Наталья Григорьевна Долинина рассказывала мне впоследствии, что, когда читался приговор, бесчеловечный, беззаконный, невежественный, - Фрида стояла рядом с нею. По-видимому, такого приговора она все-таки не ждала и до последней минуты надеялась на освобождение. Она держала Наталью Григорьевну за руку и с каждым словом приговора все сильнее и сильнее стискивала эту дружескую руку.
Фрида только что совершила свой очередной подвиг. Все время, пока длился процесс, не отрываясь и не уставая, в маленьких школьных тетрадках она записывала все, что происходило вокруг: речи, вопросы, ответы, возгласы в зале. Одна из этих тетрадок сохранилась - я с благоговением храню ее у себя и надеюсь когда-нибудь передать в музей... Маленькая тетрадка, такая, какие школьники покупают для "слов", исписанная Фридиным почерком. Почерк на удивление спокойный, а ведь на этом суде Фрида, быть может, впервые в жизни была вполне беззащитна. До сих пор, в каких бы она ни оказывалась трудных, ответственных, рискованных командировках, ей служил надежной охраной корреспондентский билет. Командировки же на процесс Бродского ей не дали ни "Литературная газета", ни "Известия". Она явилась в зал суда не как представитель печати, а как случайная посетительница, обыкновенная гражданка, то есть бесправное существо, не охраняемое никем и ничем от любого произвола. В этом же положении были все сидевшие вокруг, но Фрида, в отличие от них, - сражалась. Она исполняла свой долг - записывала! - под ненавистнические взглядом судьи, под злобными взглядами соседей. Помните вы это место Фридиной записи, где изображено, как толпа пытается заставить ее бросить перо?
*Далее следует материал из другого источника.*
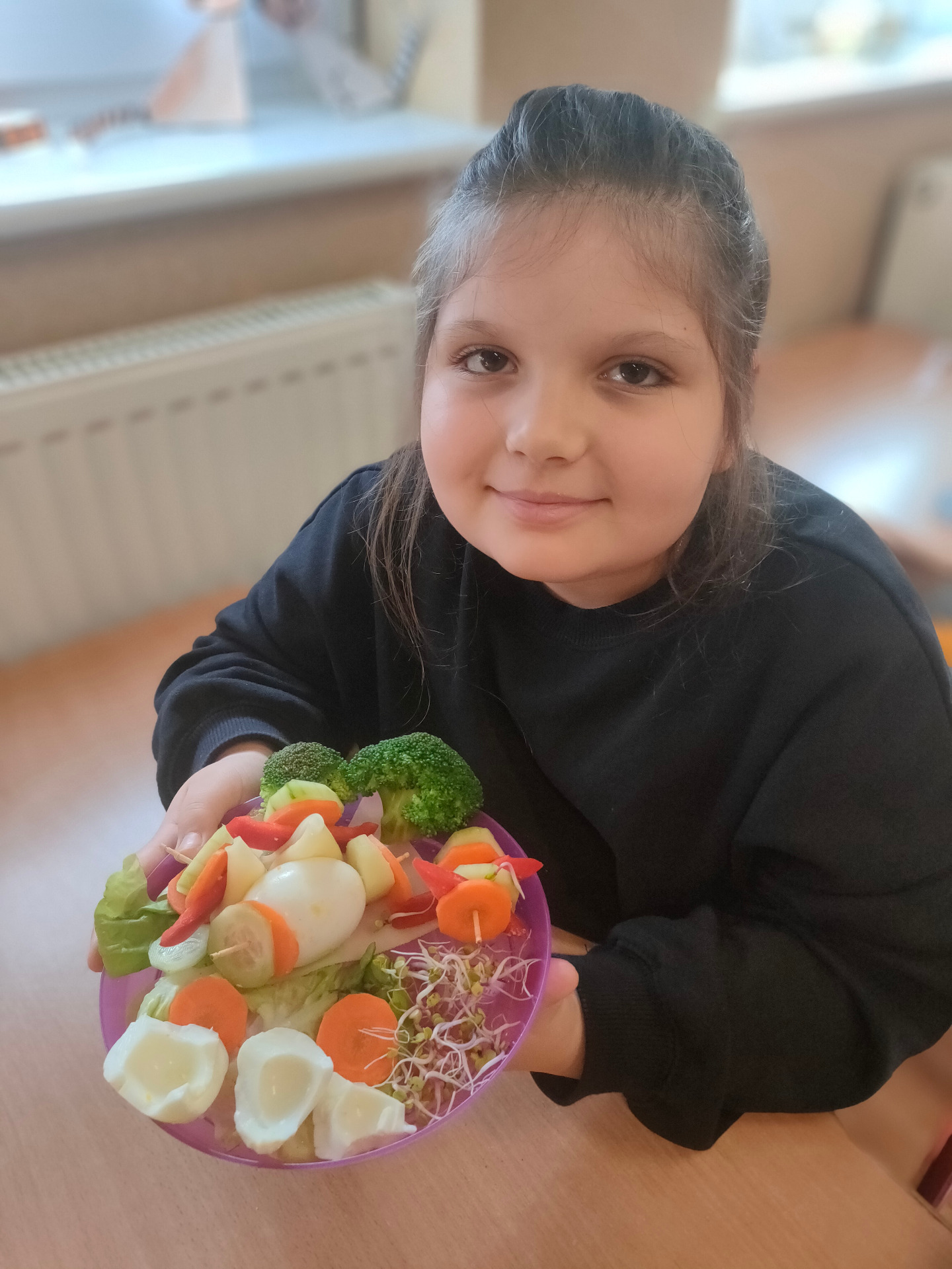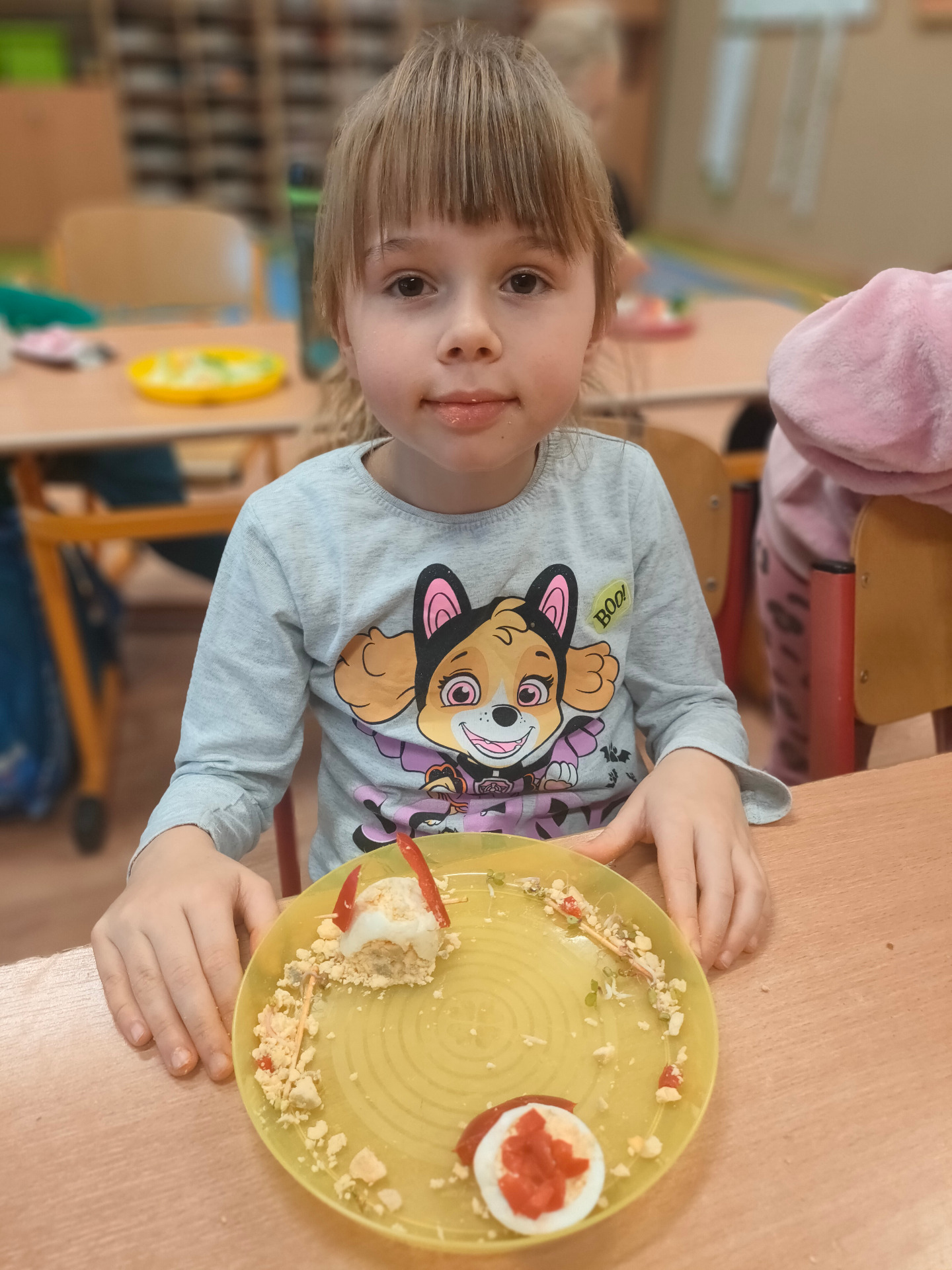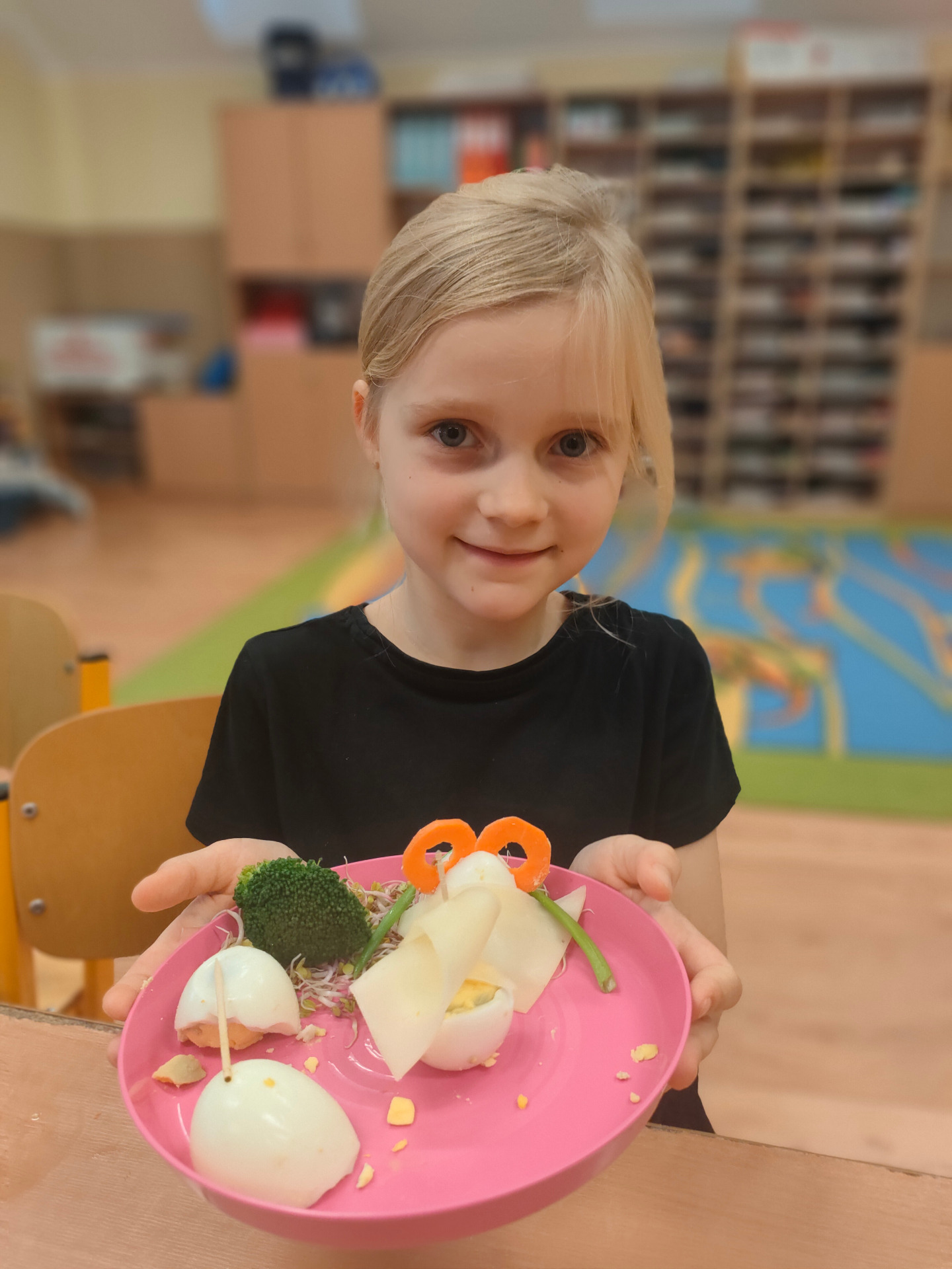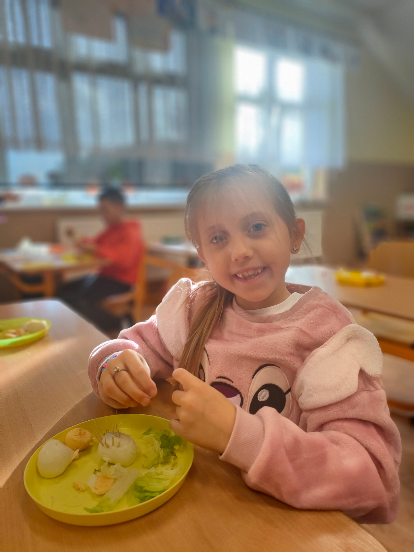 Uczniowie klasy 1 przygotowywali zdrowe i smaczne posiłki z wykorzystaniem jajek. Podczas zajęć dzieci dowiedziały się, dlaczego jajko jest tak cennym składnikiem naszej diety – zawiera bowiem wiele witamin, białko oraz składniki mineralne niezbędne do prawidłowego rozwoju. Po części teoretycznej przyszedł czas na twórcze działanie! Uczniowie przygotowali kolorowe przekąski z jajek, ozdabiając je warzywami. Z marchewek, pomidorów, ogórków, szczypiorku itp. powstały prawdziwe małe dzieła sztuki – zwierzątka, postacie i fantazyjne kompozycje.

Незадолго до этой минуты из зала вывели ее друга, Евгения Александровича Гнедина, тоже приехавшего из Москвы ради Бродского и сидевшего рядом с ней. Он осмелился вслух возмути-ться тем, что общественный обвинитель с грубой бранью отозвался о защитниках Бродского. Дружинники приказали ему удалиться из зала и препроводили в милицейскую машину, дежурив-шую у входа. Фрида продолжала писать. Затем был выведен дружинниками еще один Фридин знакомый за то, как сказано было в протоколе милиции, "что он чиханием пытался сорвать судеб-ное разбирательство". Фрида продолжала писать. "Писатели! Всех бы вас из Ленинграда, все вы тут заодно!" - кричали ей соседи. Фрида продолжала писать. Она продолжала писать и после свирепого окрика Савельевой, обращенного к ней. Толпу бесило, что она молча и спокойно продолжает свое дело. Были в толпе и друзья, но чем здесь, в переполненном, взвинченном зале, под ненавидящими взглядами дружинников, специально подобранных Лернером, они могли бы помочь ей?
- Отнять у нее записи! - закричали из толпы, когда суд удалился на совещание.
Я так и вижу Фриду, маленькую, в толстом сером пальто и детской вязаной шапочке, - вижу ее в ту минуту, когда толпа хочет отнять у нее тетради. Вот она сидит среди зала, крепко сжимая тетради и ручку, школьные тетради, запись - драгоценный трофей, драгоценное оружие, - слово, силой которого будет спасен человек:
Помните эту сцену?
- А вот вы, вы, которая записывали... Зачем вы это записывали?
- Я журналистка, - миролюбиво отвечает Фрида. - Я пишу о воспитании, хочу и об этом написать.
- А что об этом писать? Все ясно. Вот отнять бы у вас записи!
- Попробуйте! - грозно отвечает Фрида.
- А что тогда будет?
- А вы попробуйте отнять, тогда и увидите.
- Ага, угрожает! Эй, дружинник, вот тут угрожают!
- Он ведь дружинник, а не полицейский, чтобы хватать за каждое слово!
- Эй, дружинник! Тут вас называют полицейскими!
В эту минуту раздалось:
- Прошу встать! Суд идет! - и нападение прекратилось.
...Свои записи Фрида приводила в порядок в Ленинграде - в тихой квартире нашего с ней общего друга, Александры Иосифовны Любарской: в Москве - первоначально у себя дома, потом у меня за столом, вместе со мной. Чем больше я вчитывалась в этот документ, тем выше ценила его мощь. Казалось, нет на свете человека, даже если он бюрократ, - Руденко или Миронов или Смирнов, - который, прочитав эту запись, не понял бы, какая произошла вопиющая несправед-ливость. Покажи это Аджубею, и он совершит чудеса... Читая и перечитывая запись, Фрида вновь переживала случившееся.
- Как бы я сейчас себя чувствовала, если бы я не поехала, что бы мы теперь были! - повторяла Фрида - с радостью, с горечью, с гордостью.